Figure 1 Patient selection diagram – a stepwise diagram detailing the eligibility criteria and results for patients with AF identified in the Premier Healthcare Database who had an index ablation during the study period.

Abbreviations: AF, atrial fibrillation; AV, atrioventricular; IP, inpatient; N, number of total eligible patients; n, number of eligible patients; OP, outpatient; SF, ThermoCool® Surround Flow; TC, ThermoCool®.

Significant differences in study characteristics were observed between the two treatment groups (Table 1). The ThermoCool® TC group had significantly more patients with a CHA2DS2-VASc score of 0 than the ThermoCool® SF group (ThermoCool® SF 13.91% vs ThermoCool® 18.14%; P=0.0355). The ThermoCool® SF group had significantly more patients with diabetes (ThermoCool® SF 17.36% vs ThermoCool® 12.96%; P=0.0324), hypertension (ThermoCool® SF 63.91% vs ThermoCool® 57.88%; P=0.0270), atrial flutter (ThermoCool® SF 34.42% vs ThermoCool® 23.97%; P<0.0001), and valvular disease (ThermoCool® SF 20.41% vs ThermoCool® 12.10%; P=0.0001) than the ThermoCool® group.

Table 1 Summary of cohort characteristics

Abbreviations: CCI, Charlson Comorbidity Index; CHA2DS2-VASc, congestive heart failure, hypertension, age ≥75 years (double weight), diabetes mellitus, stroke (double weight), vascular disease (coronary artery disease, peripheral artery disease, aortic atherosclerosis), age 65–74 years, female sex; CHF, congestive heart failure; COPD, cardiopulmonary disease; CPD, cardiopulmonary disease; CV, cardiovascular; IHD, ischemic heart disease; NA, not applicable; OSA, obstructive sleep apnea; PCD, pulmonary circulation disorders; PVD, peripheral vascular disorders; SF, ThermoCool® Surround Flow; TC, ThermoCool®; y, years.

Primary analyses

Results from Student’s t-test indicated unadjusted mean total costs to be significantly lower in the ThermoCool® SF group than the ThermoCool® group (ThermoCool® SF: $20,160 vs ThermoCool®: $22,525; P<0.0001) (Table 2). After multivariable adjustment using GEE, the mean total costs were similar between the ThermoCool® SF and ThermoCool® groups (ThermoCool® SF: $21,753 vs ThermoCool®: $23,483; ER 0.93 [95% CI 0.84–1.03]) (Table 2).

Table 2 Total and supply costs, hospital readmissions (all-cause, CV-related, AF-related), cardioversion, and repeat ablation in the outpatient cohort

Notes: aCost (total and supply) includes only those costs associated with the index ablation procedure. bPatient sample restricted to providers with continuous inpatient data during the 12-month post-index period. cPatient sample restricted to providers with continuous inpatient and outpatient data during the 12-month post-index period.

Abbreviations: AF, atrial fibrillation; CV, cardiovascular; DCCV, direct-current cardioversion; ER, exponentiated ratio; OR, odds ratio; SF, ThermoCool® Surround Flow; TC, ThermoCool®.
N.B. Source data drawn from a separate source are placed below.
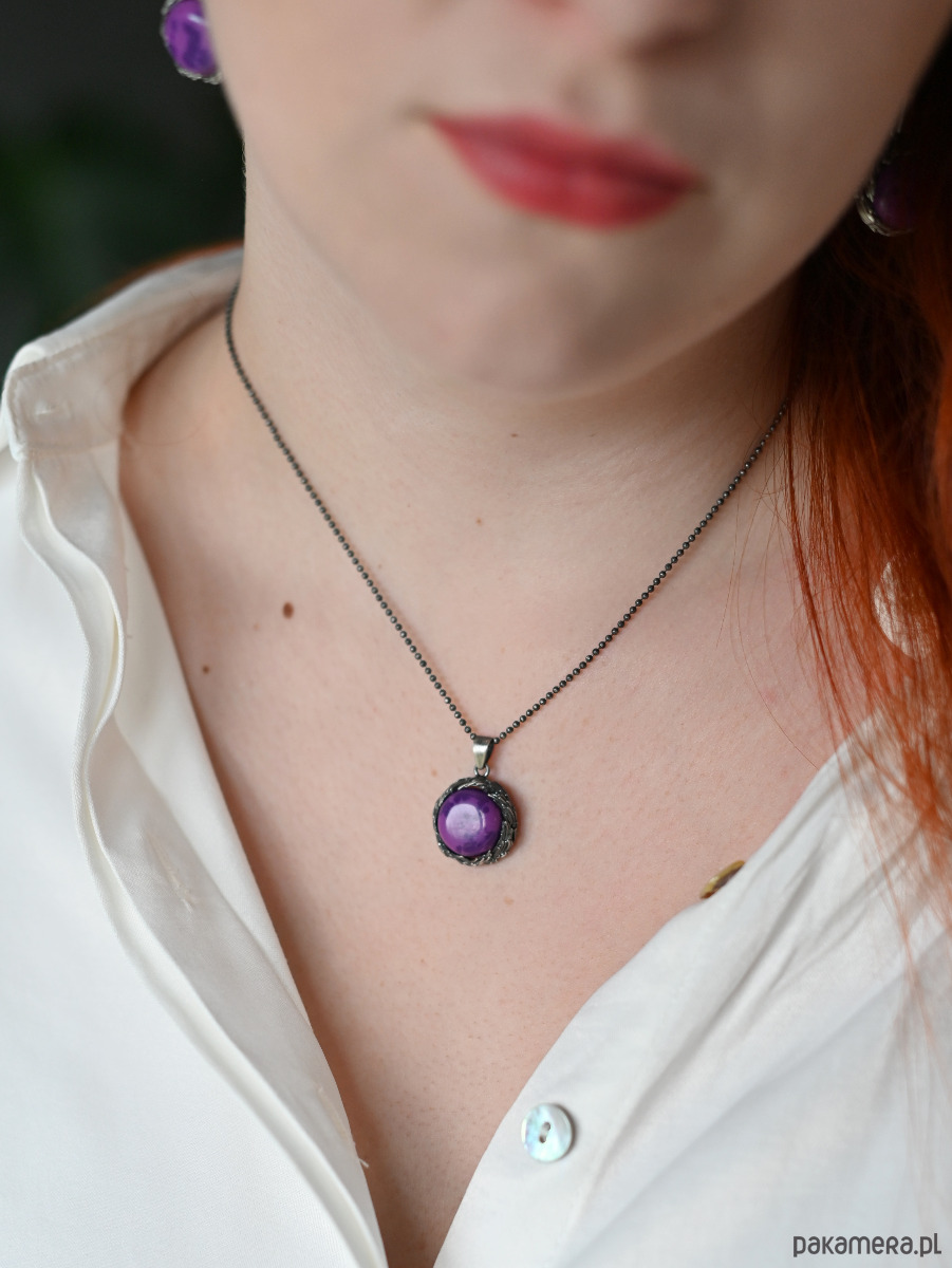 Fioletowa Magia w Oksydowanej Oprawie - Zawieszka z Sugilitem
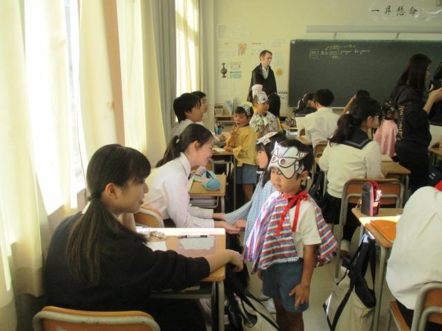 園児たちの目的は一つ。「Trick or Treat」と叫んで、お菓子を手に入れることである。Y1生たちの傍に来ておねだりをすると、用意していた”おにぎりせんべいハロウィンバージョン”をY1生たちが手渡してくれる。それをしっかりと握りしめて、「ありがとう」とお礼を言う園児たち。見ていると、男子も女子も、「こんな純粋な時もあったなあ」と昔を懐かしみ、今の自分を振り返っている様子で、”しみじみ”とした感じである。中には、園児たちを驚かせようと、包帯やトイレットペーパーを使ってミイラに化けてくれていた者もいたのだが、驚いても恐がってもくれない園児たちの反応に、逆に自分が落ち込んでしまっていたようだ。
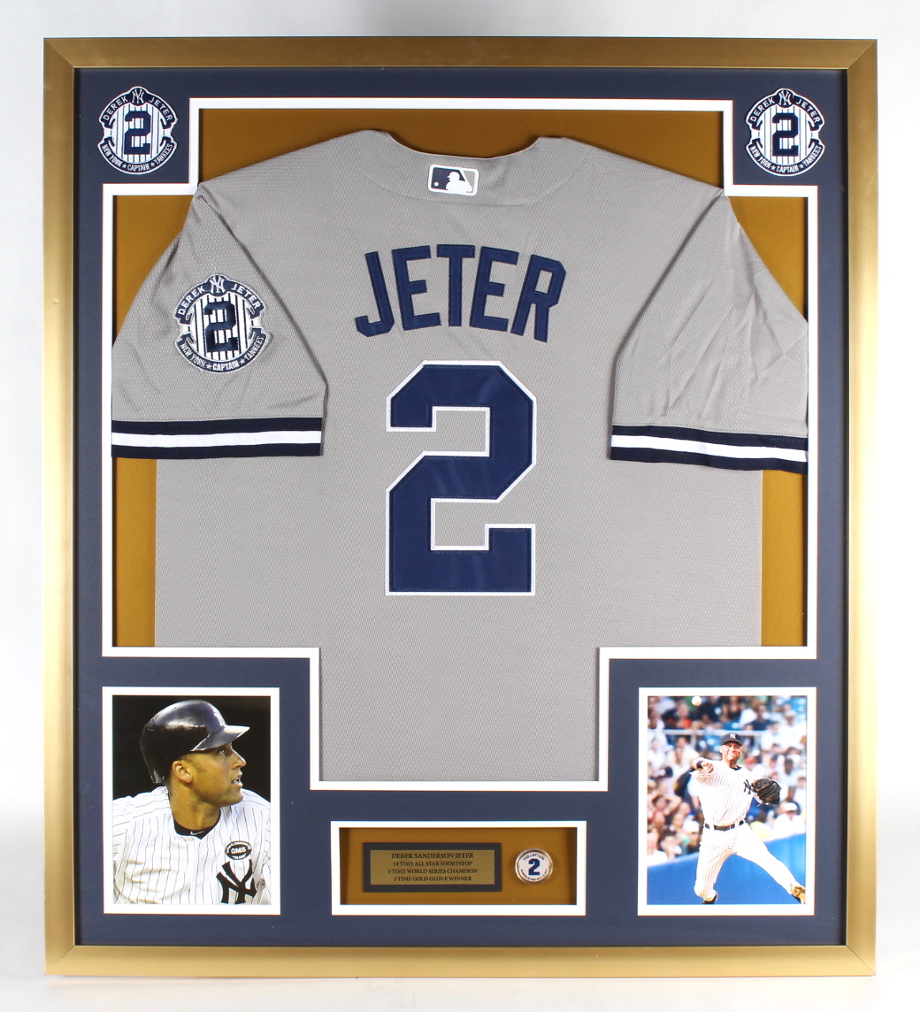 Derek Jeter 32x36 Custom Framed Jersey Display with Official "The Captain" pin
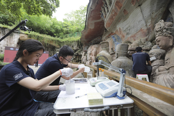 6月29日,工作人员对造像进行超声波检测。
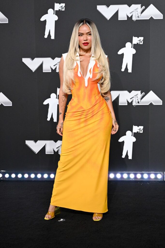 Maxivestido estampado de llamas de la cantante colombiana Karol G. Gilbert Flores/Billboard/Getty Images vía CNN Newsource

Unadjusted mean supply costs were significantly lower in the ThermoCool® SF group than the ThermoCool® group (ThermoCool® SF: $9,705 vs ThermoCool®: $10,686; P<0.0001) (Table 2). After GEE adjustment, mean supply costs were similar between the treatment groups (ThermoCool® SF: $9,218 vs ThermoCool®: $8,877; ER 1.04 [95% CI 0.92–1.17]) (Table 2).

In the unadjusted analysis, all-cause, CV-related, and AF-related hospital readmissions were similar between the ThermoCool® SF and ThermoCool® catheters (Table 2). After multivariable adjustment using survey logistic regression, the ThermoCool® SF group was associated with 55% lower odds of all-cause readmission (OR 0.45 [95% CI 0.27–0.76]) and 55% lower odds of CV-related readmission (OR 0.45 [95% CI 0.21–0.96]) than the ThermoCool® group in the 12-month period after the index ablation (Table 2). When comparing outcomes during the blanking period (0–3 months), the ThermoCool® SF group had 58% lower odds of all-cause readmission (OR 0.42 [95% CI 0.22–0.79]) and 62% lower odds of CV-related readmission (OR 0.38 [95% CI 0.15–0.95]) than the ThermoCool® group (Table 2).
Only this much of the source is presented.